Like Canada, Ukraine is also seeking the truth
Trudeau's statement was seconded by his British counterpart, Boris Johnson who claimed a "body of information" confirmed Iranian missile caused the crash. With Western leaders speaking up, Ukrainian President Volodymyr Zelensky posted a request on social media urging the US, Canada, and Iran to share information. "We ask all our international partners to assist the investigation and provide any relevant evidence that they may have," his office said.
But Iran is sure the plane wasn't hit by missile
However, Iran has another explanation. The initial investigation report said a radio call was never made and that the pilot was trying to return to the airport when the aircraft caught fire. Ali Abedzadeh, head of Iran's Civil Aviation Organization, asked, "How would the antiaircraft system shoot it? It wasn't a security area." Had a missile hit the plane, it would've exploded, Abedzadeh contended.
No missiles found at site, will conduct probe: Iranian officials
Abedzadeh also claimed dozens of aircraft were flying at an altitude of 25,000 feet when the crash happened. Hassan Rezaifar, head of Iran's Civil Aviation Organization commission for accident investigation, said no missile was found at the crash site. And the spokesperson for the Iranian government, Ali Rabiei, said the country will conduct a transparent, quick, and precise investigation.
Iran is certain the missile theory is a big lie
"Pentagon source who didn't want to reveal their name bombastically reported the news that the Ukrainian plane was hit by two missiles.
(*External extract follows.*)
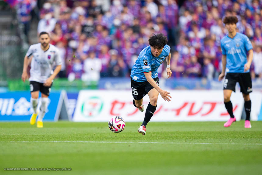 47分、フロンターレの攻撃。セカンドボール回収から圧力をかけ、橘田が右サイドから浮き球を入れるがゴール前に合わず。49分、FC東京の攻撃。中盤でセカンドボールを拾われ、左サイドからクロス。さらに攻勢をかけられゴール前にボールが入るが守備陣がかき出す。50分、フロンターレの攻撃。右サイドに展開。ゴール前に入ったボールを逆サイドから三浦がシュートを放つがブロックされる。52分、FC東京の攻撃。相手陣内でカットされ、左サイドから折り返しを狙われるが橘田が対応。さらに右サイドから仲川に折り返しを狙われるが三浦と遠野で対応。54分、自陣からボールを運び瀬古が中盤からスルーパスを入れるがオフサイドの判定。55分、フロンターレの攻撃。パスをつながれて左サイドからエリア内にボールが入るが守備陣が対応。58分、FC東京の攻撃。右コーナーキック。ショートコーナーから松木にボールを入れられ、混戦となるがFC東京のファウルの判定。59分、フロンターレの攻撃。三浦がボールを運び、中盤中央からラストパス。エリソンが抜け出すがオフサイドの判定。62分、中盤でボールを奪い返して瀬川が折り返し。遠野が2度合わせるがGKに止められる。63分、FC東京の攻撃。攻勢をしのがれ、カウンターを狙われるが仲川には瀬古が対応。64分、フロンターレの攻撃。左サイドから崩しをかけ、狭いなかから抜け出した三浦がシュートに持ち込むが枠を外れる。惜しい場面だった。64分、フロンターレのメンバーチェンジ。瀬川に代わって佐々木がピッチへ。69分、フロンターレの攻撃。相手陣内でボールを奪い返し、左サイドから三浦がクロスを入れるがクリアされる。69分、中盤でボールを奪い返しカウンターへ。左サイドから家長が折り返し。ゴール前の混戦からエリソンがシュートを狙うがうまくミートせず。惜しい場面だった。

When in the future it turns out that there is no truth, no one will take responsibility for this big lie," Rabiei added.
Keeping animosity aside, Iran invited US to participate in probe
In a bid to put all doubts to rest, Iran has invited US National Transportation Safety to participate in the probe and the agency has designated a representative for the same. This assumes significance as Iran and the US are on the verge of war after Soleimani's killing. Iran has also notified Canada, Sweden, and Afghanistan, as their citizens died in the accident too.